At 7, 10, and 12, I was a busy stay-at-home mom and always on the go. At the time of my diagnosis, my children were visiting their grandparents in California, so my husband and I had a few weeks to process the news before I shared it with them.

Of course, they had a hard time because even though they were young, they knew the word cancer and equated it with death. We all started crying. I couldn’t promise them I wouldn’t die – I just didn’t know. But I said to them, “Hey, we’re going to fight this and do our best.” And that’s exactly what we did.

Life has become a whirlwind of doctor’s appointments. I had six weeks of oral chemotherapy and 33 radiation treatments to my pelvis to shrink the size of the tumor. Then, 10 days before my surgery to remove the tumor, intestinal perforation and obstacle. One of my kids found me in a fetal position in the tub, and I told them to go and get the neighbors. When they lifted me up and dressed me, the ambulance took me to the hospital where I had emergency surgery.

Recovery was slow. After 10 days in the hospital, it took six weeks of occupational and physical therapy to start walking again. The really cool thing about it was that it helped me stop and smell the flowers, pick up things I would normally just pass by. While using my walker to walk around my neighborhood, I stopped to take flower and nature photos. For the first time I really started to appreciate the little things.

I tried to stay positive throughout the six months of chemotherapy following my surgery. Before going into chemo, I used to watch a comedy like “I Love Lucy” to lift my mood. I would do little exercises to get endorphins above.

As much as I try to be optimistic, there were many nights when I fell asleep crying because I was in so much pain. I allowed myself to grieve over the changing parts of my body and accepted that what I lost was important. Then I would focus on the fact that I am still alive, that there are ways to still enjoy life. I value it because I wake up next to my husband every day and spend time with my children.

Kimberly on a new concert date night with her husband of nearly 23 yearsKimberly is on a recent concert date night with her husband of nearly 23 years, whom she describes as “the most caring caregiver” of 2022.

Before the surgery I ostomy bag six weeks, but due to complications I have experienced, this timeline has been shifted to two years. I took it step by step. Two years later, I decided to keep the bag: Retriever surgery can be pretty tough for people, and I didn’t want to traumatize my body any further.
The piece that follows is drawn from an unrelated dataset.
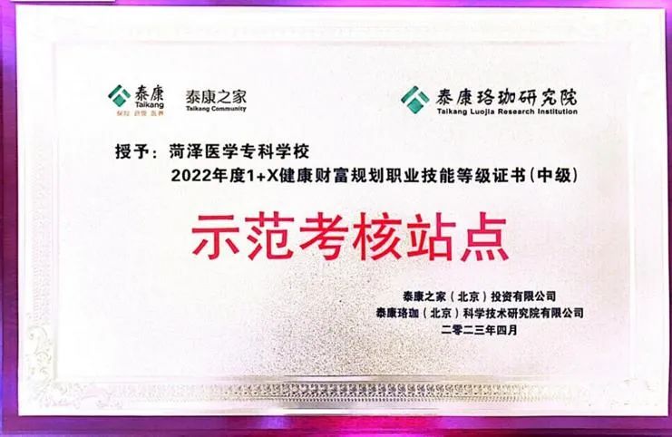 与泰康珞珈研究院联合开发健康财富规划职业技能等级证书资源,与山东育达健康科技股份有限公司等省内外20余家企业签订合作协议开展订单培养,承担健康财富规划1+X职业技能等级证书考核,培训人次达900余人次,通过率97.6%。
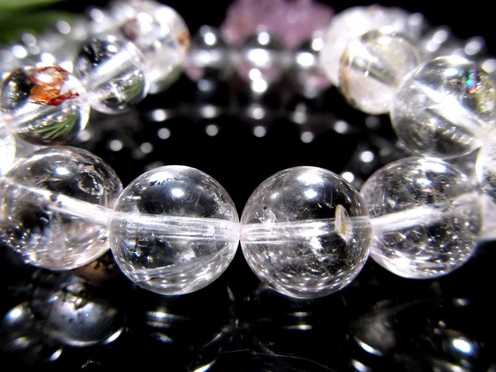 幻想的な蛍光発色 古代の石油を内包した激レア水晶 オイルインクォーツ【石油入り水晶】ブレスレット 約7.5〜8ミリ 内径約16.5センチ【パキスタン産】 こちらの商品は1点ランダム発送となります! 超希少なオイル...

I’ve had my ostomy bag for six years and it’s been very liberating in some ways. After my diagnosis, I struggled with how I saw my body. After my body was weakened by the treatment, I wanted to regain my femininity and rebuild my strength. That’s when I decided to dance.

Burlesque and pole dancing are art forms I’ve always loved to watch, but I never thought I’d try them. But after my diagnosis, I dared to do it. Pole dancing increased my strength after my body was weakened by the treatment. I also started performing, which helped me build my self-confidence and feel more comfortable in my body as I do now. I proudly show my ostomy bag when I dance. It’s part of who I am and how I survived.
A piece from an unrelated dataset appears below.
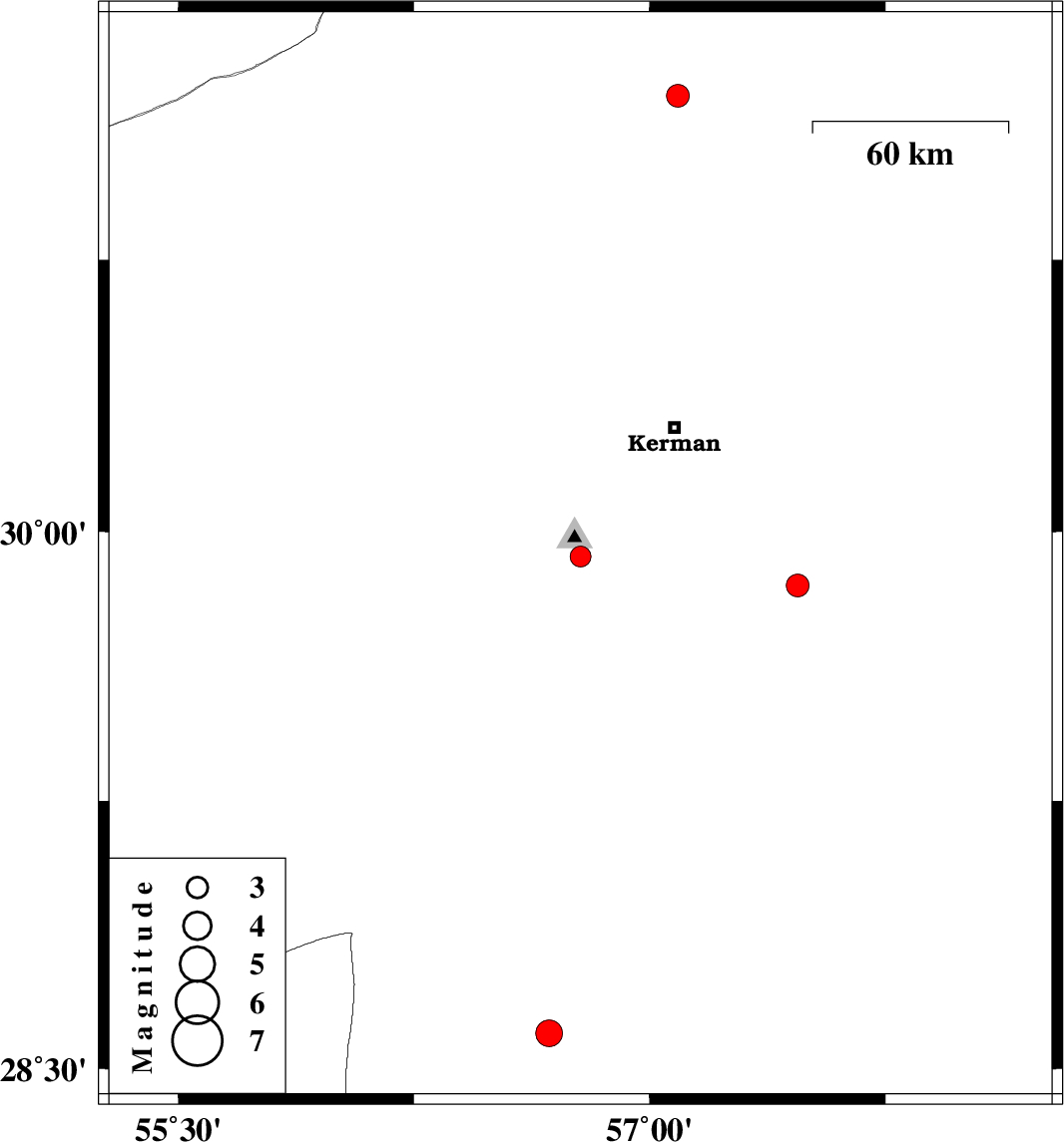2008/11/08 | 03:09:18.0 | 06:39:18.0 | 29.93 | 56.78 | 16 | ML2.9 | 19 km East of Bardsir, Kerman Province | ||

Five years after declaring I don’t have cancer, I was diagnosed with cancer. ischemic colitis, which means the arteries in my colon are starting to die. I went through different medications and bed rest while doctors tried to find the root cause.

But I continue to keep my morale high. I dance, roller skate, and continue to advocate for people with colon cancer. I never thought that six years after my diagnosis, I would look back and be thankful that I had enriched myself on this journey. I take some time each day to focus on the fact that I’m still here – and I can still enjoy my life.

This resource has been created with support from Merck.